Unfortunately, until recently, people suffering from pain that was not clearly diagnosed would sometimes be treated as if that pain was imaginary. The pain is in their heads; it is psychosomatic; the patient doesn’t have the internal fortitude; any of these platitudes was used as an excuse for poor understanding of the physiology surrounding pain.
We now understand that pain is both highly subjective because of its ties to personal history and our emotions, we understand that the intrinsic biology of pain is as unique as a person’s fingerprints.
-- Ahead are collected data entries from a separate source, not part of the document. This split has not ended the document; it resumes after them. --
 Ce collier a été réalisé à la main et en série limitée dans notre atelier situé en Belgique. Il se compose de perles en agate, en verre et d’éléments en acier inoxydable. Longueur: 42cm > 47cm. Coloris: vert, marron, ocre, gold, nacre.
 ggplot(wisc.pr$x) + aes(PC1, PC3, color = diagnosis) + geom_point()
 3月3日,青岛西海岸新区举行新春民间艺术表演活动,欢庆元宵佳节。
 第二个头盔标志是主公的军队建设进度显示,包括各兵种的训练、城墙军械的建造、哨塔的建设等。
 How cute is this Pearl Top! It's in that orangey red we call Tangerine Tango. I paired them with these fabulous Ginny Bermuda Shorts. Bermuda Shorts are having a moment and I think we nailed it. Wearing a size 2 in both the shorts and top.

The understanding that pain is indeed be in our heads, our brains to be precise, creates an opportunity for discussion and enlightenment to acknowledge how unique our pain is and how we can individualize therapy to patients.
The brain is akin to a computer
Just as computers process information, we know that our brain is the nerve center that informs the body that it is in pain, how severe that pain is and how we should respond to the pain. Using computers as a metaphor, we input data on a keyboard that is transmitted to a central processing unit when the computing occurs.
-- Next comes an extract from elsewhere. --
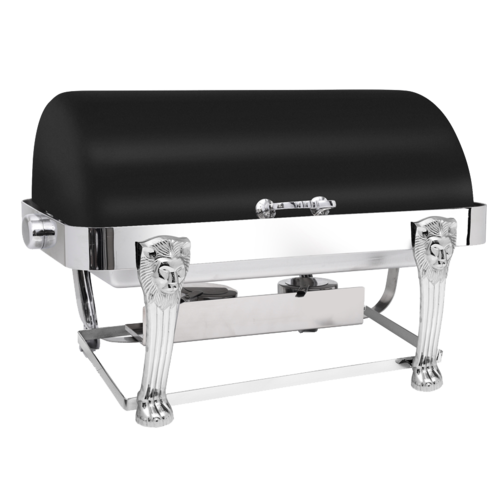Lion Head Chafer, 8 qt., rectangular, roll top cover, stops at any angle, 180° full roll back, includes dual sterno holders, food pan and water pan, with legs, 18/10 stainless steel, XYLO black finish with Anti-Microbial 24/7 germ-free surface coated lid, 5 Star Series (made to order, non-returnable)

Likewise in our body, we receive an input from a sensory nerve and then another nerve brings the sensation along the spinal cord to the areas of the brain that registers the sensation telling us, “Ow! That hurts!” These pathways create a memory to remind us not to perform that act again because it caused an unpleasant sensory event. We now know that the brain has the ability to create new neural pathways for unpleasant and maladaptive events. In essence, we can train our brains! The ability to retrain out brain can be used to treat conditions related to pain as well, thinks like depression, anxiety, PTSD and even sleep disorders.
Retraining the brain
The ability to retrain the brain has created, for the first time, a new tool in the arsenal of pain relief – one that truly is efficacious, non-pharmacologic, low-risk and is long-lasting. The use of behavioral health guided virtual reality technology has created a platform that is achieves these goals. In a virtual reality experience, the brain is fully engaged in an immersive reality that is pleasant, exciting, and interesting.
The ability to immerse and redirect our cognitive direction leads to an almost immediate decrease in the sensation of pain and other untoward symptoms. Just as a teenager forgets about their hunger or fatigue while playing video games, patients begin to forget about their depression, their anxiety, or their pain as they experience a guided virtual environment. As the brain begins to experience these events with chronicity it then begins to form new neural pathways around maladaptive signs that are less distressing and more normative as the brain pursues homeostasis.
The outcomes are real
People using this approach report a 70 percent improvement in pain relief. Many are able to stop taking potentially addictive pain medications, or to significantly cut down on their medication dose. Freed from the side effects of these drugs, they are able to be present, and to engage in life again.
So perhaps the fact that pain is in our head is truly a good thing? Instead of taking pills to dull the pain, injections to numb the pain or surgery to remove the pain we can focus on the process of pain itself and allow the brain to redirect and course correct…with a little virtual guidance, of course!